The Cross-validated Mean Squared Error for LWR is : 18.74002057325897
The Cross-validated Mean Squared Error for BLWR is : 16.671541246819412
The Cross-validated Mean Squared Error for RF is : 17.13980908049434
The Cross-validated Mean Squared Error for XGB is : 16.313673784632016


In [55]:
#Boston Cross-Validation

mse_lwr = []
mse_blwr = []
mse_rf = []
mse_xgb = []

scale = StandardScaler()

for i in range(12345,12350):
  #print('Random State: ' + str(i))
  kf = KFold(n_splits=10,shuffle=True,random_state=i)
  # this is the random state cross-validation loop to make sure our results are real, not just the state being good/bad for a particular model
  j = 0
  for idxtrain, idxtest in kf.split(Cars[:,:13]):
    j += 1
    #Split the train and test data
    xtrain = Cars[:,:13][idxtrain]
    ytrain = Cars[:,-1][idxtrain]
    ytest = Cars[:,-1][idxtest]
    xtest = Cars[:,:13][idxtest]
    xtrain = scale.fit_transform(xtrain)
    xtest = scale.transform(xtest)
    #print('Split Number: ' + str(j))

    #Train and predict for LWR and boosted LWR
    yhat_lwr = lw_reg(xtrain,ytrain, xtest,Tricubic,tau=1.2,intercept=True)
    
    #Boosted LWR with repeated boosting
    booster_rf = RandomForestRegressor(n_estimators=100,max_depth=2)
    yhat_blwr = rep_boosted_lwr(xtrain,ytrain,xtest,Tricubic,1.2,booster_rf,2,True)

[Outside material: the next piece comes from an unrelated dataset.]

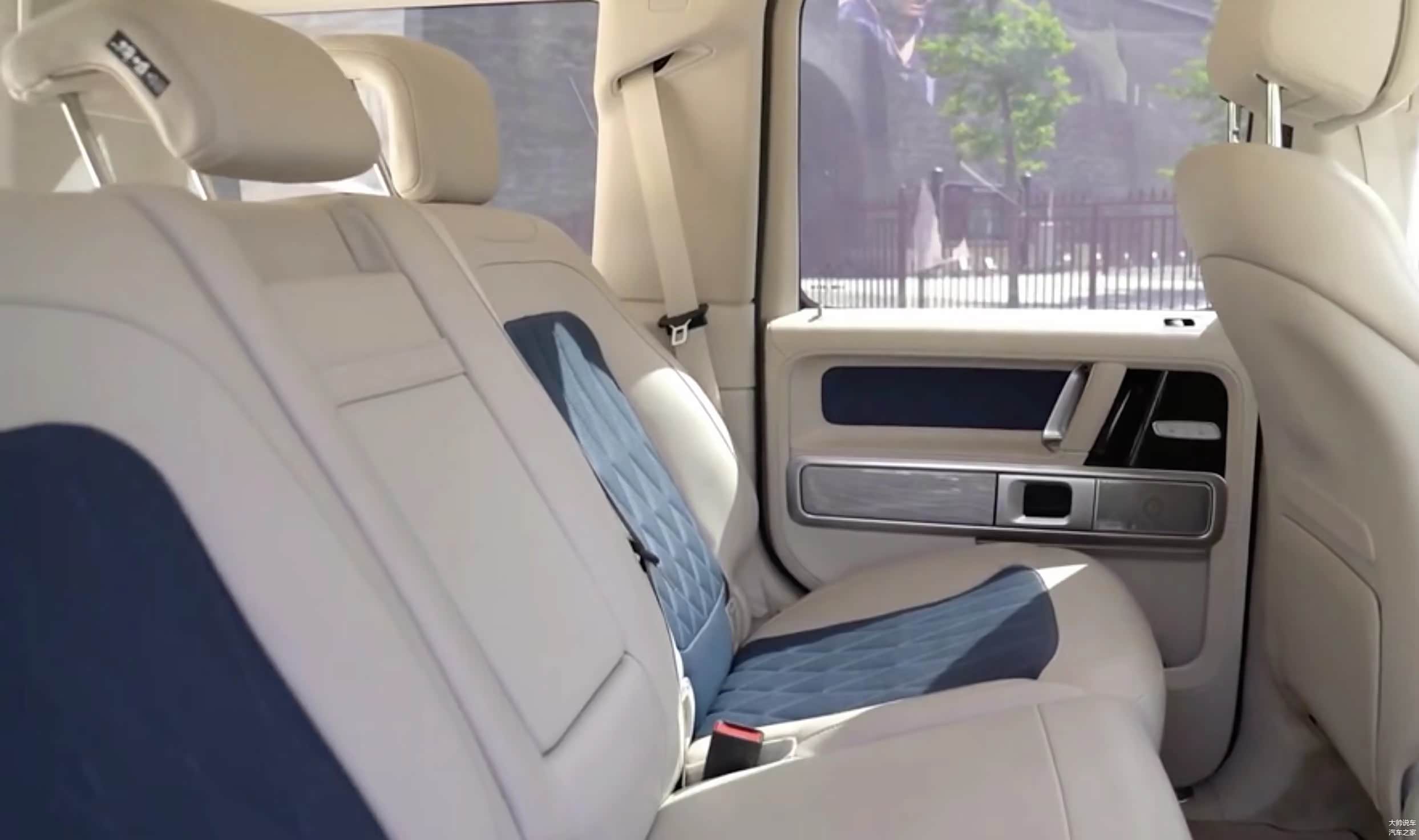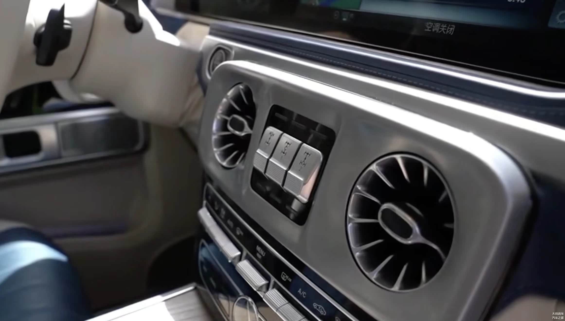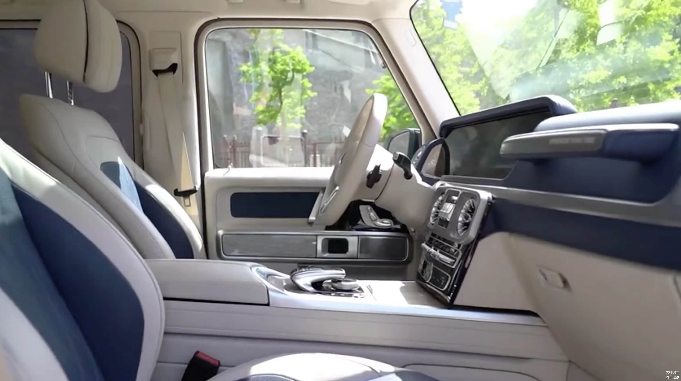 坐进车内,家族化的设计语言随处可见,散发出一股浓郁的豪华气息。和普通版不同的是,有三种特别设计风格的内饰,包括黑色Nappa皮革、米/蓝、米/红,每种内饰均搭配有不同样式的木质饰条。双12.3英寸高清显示屏,搭配专为G级越野车开发的显示屏越野模式,能实时反馈高度、坡度、斜度、转向角、低速齿轮和出于工作模式的差速锁等数据。差速锁控制键设计在了两个空调出风口的中间,还有下面随手可控的物理按键,大大的提升了在越野时操作的方便性和安全性。

    #Train and predict with random forest
    model_rf = RandomForestRegressor(n_estimators=100,max_depth=3)
    model_rf.fit(xtrain,ytrain)
    yhat_rf = model_rf.predict(xtest)

    #Train and predict for XGB
    model_xgb.fit(xtrain,ytrain)
    yhat_xgb = model_xgb.predict(xtest)

    #Append each model's MSE
    mse_lwr.append(mse(ytest,yhat_lwr))
    mse_blwr.append(mse(ytest,yhat_blwr))
    mse_rf.append(mse(ytest,yhat_rf))
    mse_xgb.append(mse(ytest,yhat_xgb))

print('\n')
print('The Cross-validated Mean Squared Error for LWR is : '+str(np.mean(mse_lwr)))
print('The Cross-validated Mean Squared Error for BLWR is : '+str(np.mean(mse_blwr)))
print('The Cross-validated Mean Squared Error for RF is : '+str(np.mean(mse_rf)))
print('The Cross-validated Mean Squared Error for XGB is : '+str(np.mean(mse_xgb)))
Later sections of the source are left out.